Using Sagemaker SKLearn Estimator with tdapiclient | API Integration - Using SageMaker SKLearn Estimator with tdapiclient

This use case shows the steps to use SageMaker SKLearn Estimator with tdapiclient.

You can download the aws-usecases.zip file in the attachment as a reference.

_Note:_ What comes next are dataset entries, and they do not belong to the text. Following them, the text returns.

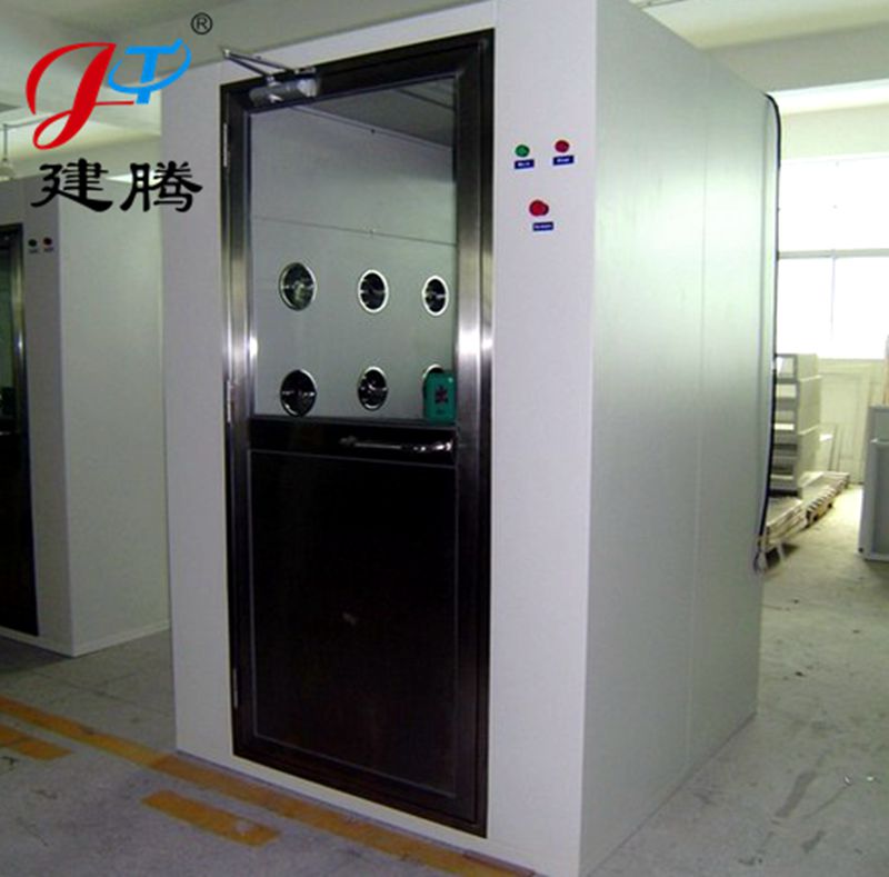 智能語(yǔ)音風(fēng)淋室?guī)в姓Z(yǔ)音提示系統(tǒng),在吹淋時(shí)由自動(dòng)語(yǔ)音系統(tǒng)提示讓人有次序的完成整個(gè)吹淋除塵過(guò)程,達(dá)到有效的凈化效果,經(jīng)高效過(guò)濾器過(guò)濾后的潔凈氣流由可旋轉(zhuǎn)噴嘴從各個(gè)方向噴射至身上,有效而迅速清除塵埃粒子,清除后的塵埃粒子再由初、高效過(guò)濾器過(guò)濾后重新循環(huán)到風(fēng)淋區(qū)域內(nèi)
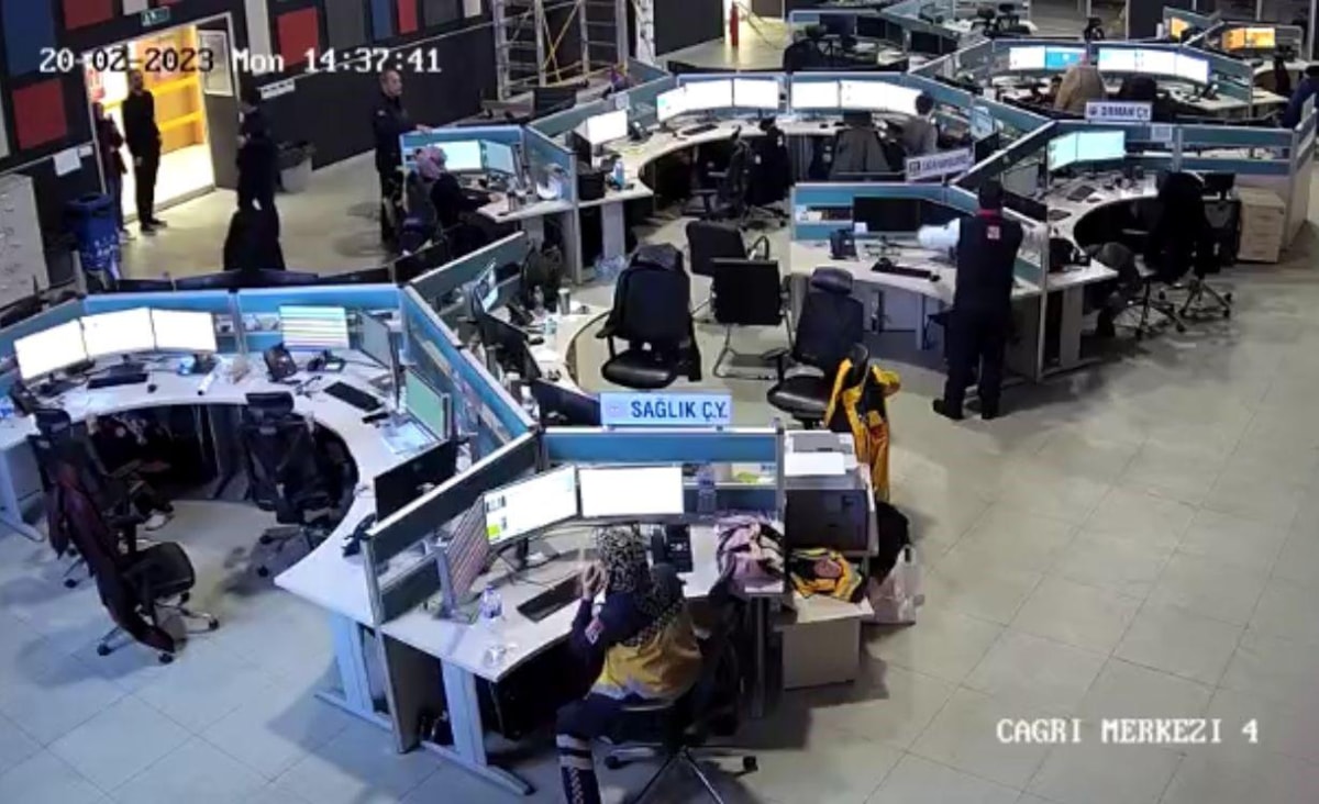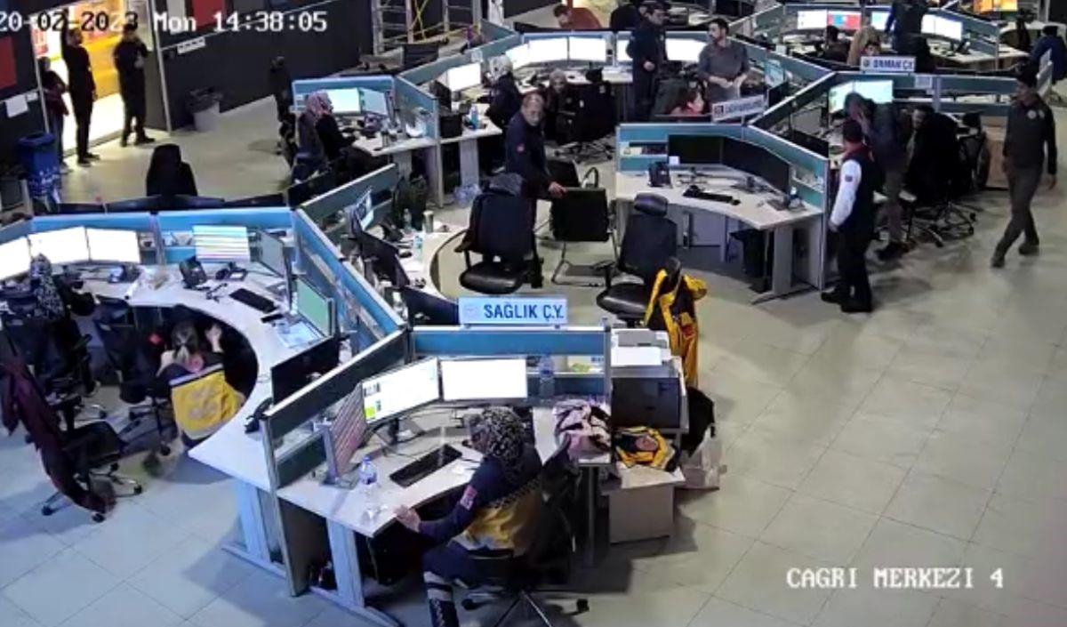 İlk depremlerde olduğu gibi Hatay depreminde de 112 Acil Çağrı Merkezi'nde görevde olan personellerin sarsıntı anında görev yaptığı görüntüler ortaya çıktı.
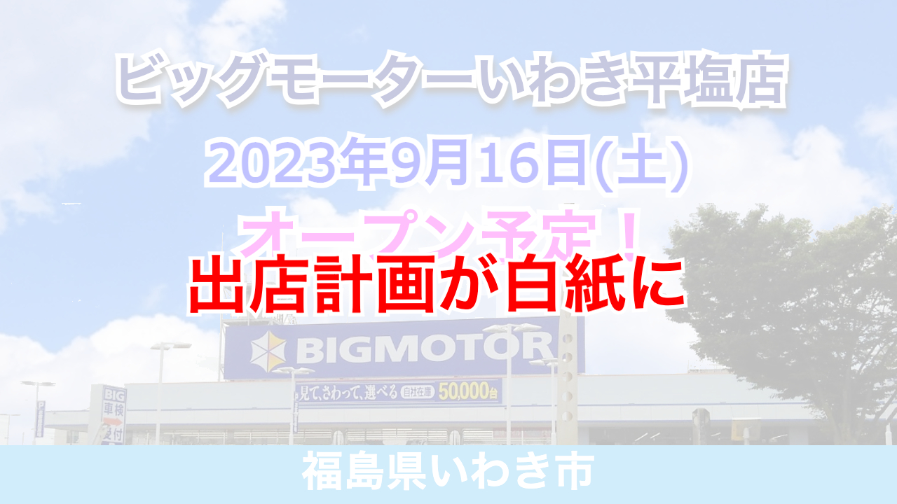 全国的に注目が集まる中古車販売大手「ビッグモーター」の新規出店計画が白紙になったことが新聞各社のネットニュースで明らかになりました。当初の計画では2023年9月16日、福島県いわき市の「いわき平塩店」と、2023年11月、岐阜県大垣市の「大...
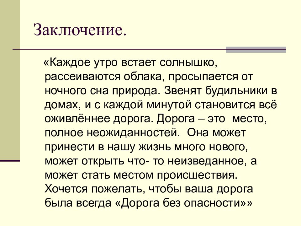 «Каждое утро встает солнышко, рассеиваются облака, просыпается от ночного сна природа. Звенят будильники в домах, и с каждой минутой становится всё оживлённее дорога. Дорога – это место, полное неожиданностей. Она может принести в нашу жизнь много нового, может открыть что- то неизведанное, а может стать местом происшествия. Хочется пожелать, чтобы ваша дорога была всегда «Дорога без опасности»»
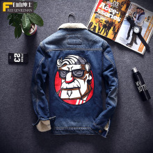 羊羔毛外套牛仔棉衣男 冬装印花加厚棉袄潮 青年男士棉服2015新款

The sklearn folder in the zip file includes a Jupyter notebook file (ipynb) and a Python file (py) required to run this notebook file.

Import necessary packages.

import os
import getpass

from tdapiclient import create_tdapi_context, remove_tdapi_context, TDApiClient

from teradataml import create_context, DataFrame, copy_to_sql
import pandas as pd
from teradatasqlalchemy.types import  *

Create the connection.

host = input("Host: ")
username = input("Username: ")
password = getpass.getpass("Password: ")

td_context = create_context(host=host, username=username, password=password)

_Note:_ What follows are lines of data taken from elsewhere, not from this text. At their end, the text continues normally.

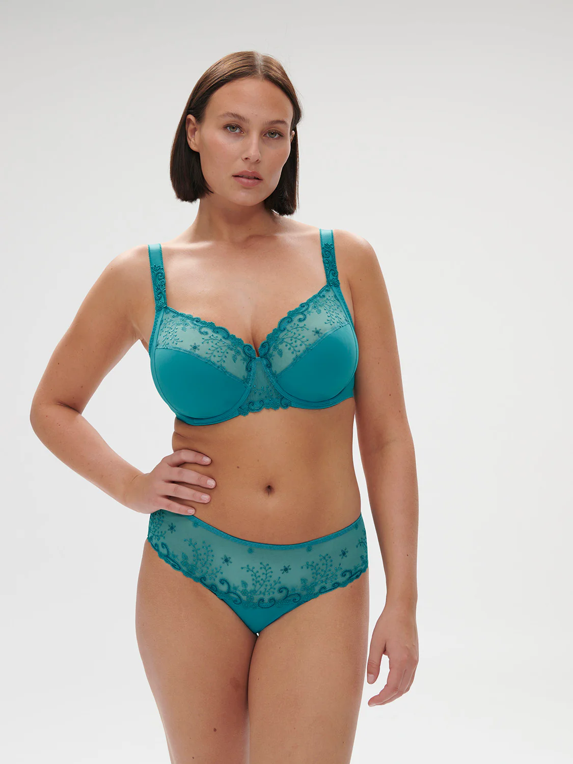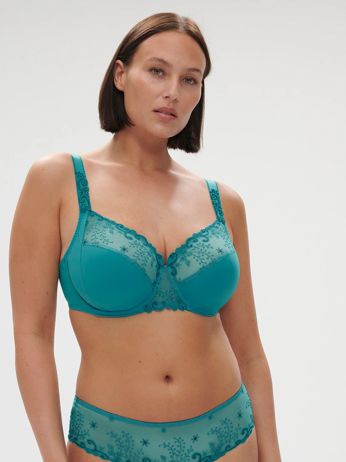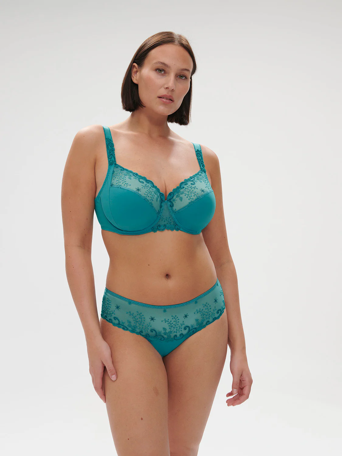 Une broderie florale, sublimée par de délicats motifs en guipure. Emblématique et romantique. Soutien-gorge emboitant en maille et broderie avec armatures. • Forme emboîtante. • Galbe rond, poitrine recentrée.• Excellent maintien.• Bas bonnets doublés coton pour plus de confort et d’opacité.• Avec armatures, sans coques.• Bretelles réglables. Référence : 12X320.665
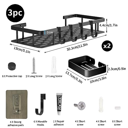 LOVICVKEM Tre Pezzi Mensola da Doccia,Senza Foratura Portaoggetti per Bagno da Parete, porta sapone bagno con 4 Ganchos y pegatinas, per bagni e cucine, mensola doccia senza foratura,nero
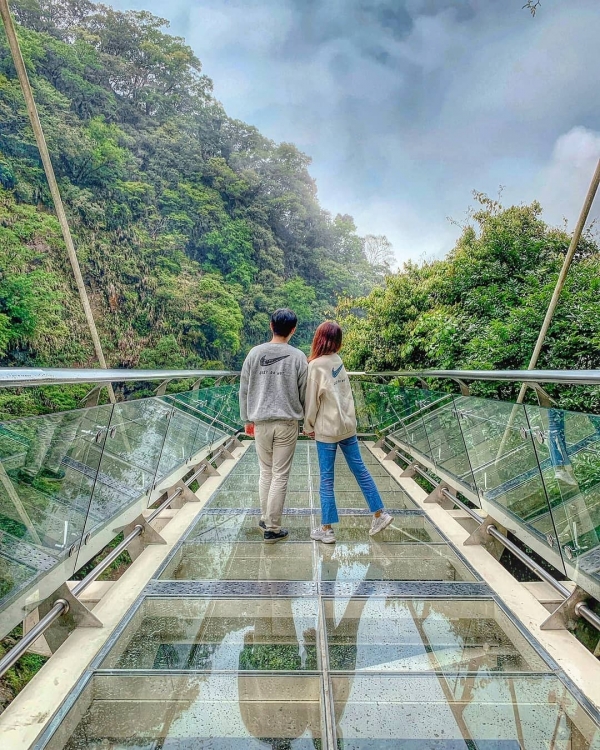 懸掛於小烏來瀑布上方,曾被民眾票選為全台最浪漫景點~天空步道底部為全透明的強化玻璃,伸出11公尺的廊道,只要站上玻璃平台上,就能居高臨下欣賞小烏來溪谷、感受氣勢磅礡的瀑布景觀,挑戰360度的全新視野!
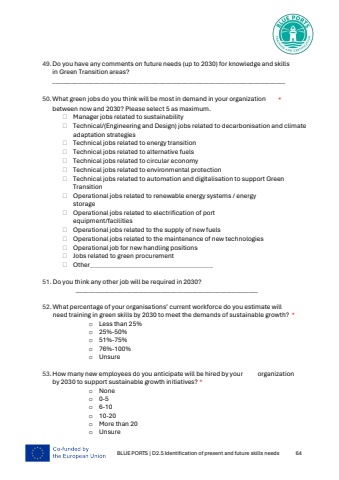 BLUE PORTS | D2.5 Identification of present and future skills needs 6449.Do you have any comments on future needs (up to 2030) for knowledge and skills in Green Transition areas?__________________________________________________________________________50.What green jobs do you think will be most in demand in your organization * between now and 2030? Please select 5 as maximum. Manager jobs related to sustainability Technical/(Engineering and Design) jobs related to decarbonisation and climate adaptation strategies Technical jobs related to energy transition Technical jobs related to alternative fuels Technical jobs related to circular economy Technical jobs related to environmental protection Technical jobs related to automation and digitalisation to support Green Transition Operational jobs related to renewable energy systems / energy storage Operational jobs related to electrification of port equipment/facilities Operational jobs related to the supply of new fuels Operational jobs related to the maintenance of new technologies Operational job for new handling positions Jobs related to green procurement Other51.Do you think any other job will be required in 2030?__________________________________________________________52.What percentage of your organisations%u2019 current workforce do you estimate will need training in green skills by 2030 to meet the demands of sustainable growth? *o Less than 25%o 25%-50%o 51%-75%o 76%-100% o Unsure53.How many new employees do you anticipate will be hired by your organization by 2030 to support sustainable growth initiatives? *o Noneo 0-5o 6-10o 10-20o More than 20o Unsure
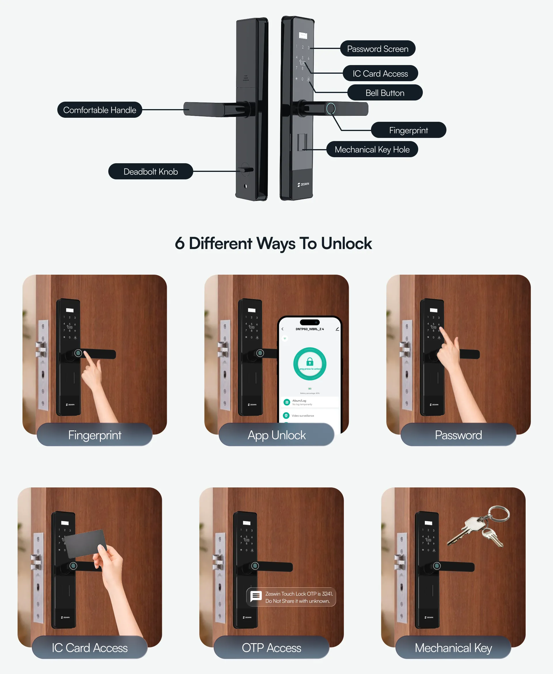• Zeswin Mobile App for access control and unlock history
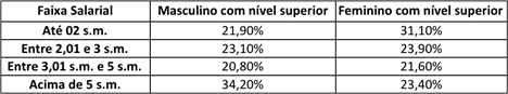 As disparidades se evidenciam quando se observam as faixas salariais mais altas dentro de cada nível de educação formal. Enquanto nas faixas salariais mais baixas encontra-se certo equilíbrio entre homens e mulheres, verifica-se que, nas mais altas, não se percebe predominância feminina em nenhum nível de escolaridade.
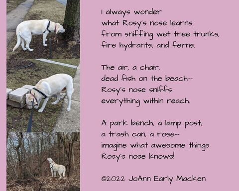 I've been mostly away from writing for a while, except for a weekly Zoom write that keeps my hand in, barely. I miss the daily practice, though, especially in these trying times. So I'm hoping to make my way back by reading and writing more poetry. I've always enjoyed playing with rhythm, so that seemed like a good place to begin again. This one was inspired by our Rosy in the park.
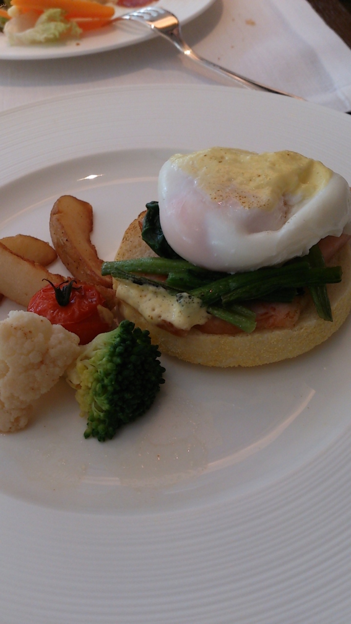 朝食は和定食か洋食ビュッフェを選べました。洋食ビュッフェでは卵料理だけは作って持ってきてくれるので、エッグベネディクト、オムレツなどから今話題のエッグベネディクトを選びました。

Create TDAPI context and TDApiClient object.

s3_bucket = input("S3 Bucket(Please provide just the bucket name, for example: test-bucket): ")
access_id = input("Access ID:")
access_key = getpass.getpass("Acess Key: ")
region = input("AWS Region: ")

os.environ["AWS_ACCESS_KEY_ID"] = access_id
os.environ["AWS_SECRET_ACCESS_KEY"] = access_key
os.environ["AWS_REGION"] = region

tdapi_context = create_tdapi_context("aws", bucket_name=s3_bucket)

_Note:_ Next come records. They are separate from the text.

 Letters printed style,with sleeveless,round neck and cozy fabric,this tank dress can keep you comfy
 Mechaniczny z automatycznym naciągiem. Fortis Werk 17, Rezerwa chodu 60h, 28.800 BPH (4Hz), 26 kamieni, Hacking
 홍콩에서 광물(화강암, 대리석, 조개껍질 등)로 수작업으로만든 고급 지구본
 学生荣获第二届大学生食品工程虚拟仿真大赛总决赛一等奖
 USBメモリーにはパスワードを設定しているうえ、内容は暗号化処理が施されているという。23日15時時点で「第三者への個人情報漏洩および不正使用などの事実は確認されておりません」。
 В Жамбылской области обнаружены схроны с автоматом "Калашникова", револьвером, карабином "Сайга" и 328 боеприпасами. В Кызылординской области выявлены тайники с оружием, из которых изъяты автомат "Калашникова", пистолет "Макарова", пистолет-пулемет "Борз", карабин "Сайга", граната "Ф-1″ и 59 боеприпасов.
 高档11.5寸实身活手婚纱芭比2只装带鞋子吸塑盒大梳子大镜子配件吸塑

td_apiclient = TDApiClient(tdapi_context)

Set up data.

Import necessary libraries and data.

from sklearn.model_selection import train_test_split
from sklearn.datasets import fetch_california_housing

california_housing = fetch_california_housing(as_frame=True)
data=california_housing.frame

Insert the dataframe in the tables.

data_table = "housing_data"

column_types = {"MedInc": FLOAT, "HouseAge": FLOAT,
                "AveRooms": FLOAT, "AveBedrms": FLOAT, "Population": FLOAT,
                "AveOccup": FLOAT, "Latitude": FLOAT, "Longitude": FLOAT,
                "MedHouseVal" : FLOAT}

copy_to_sql(df=data, table_name=data_table, if_exists="replace", types=column_types)

Create a teradataml DataFrame using the table.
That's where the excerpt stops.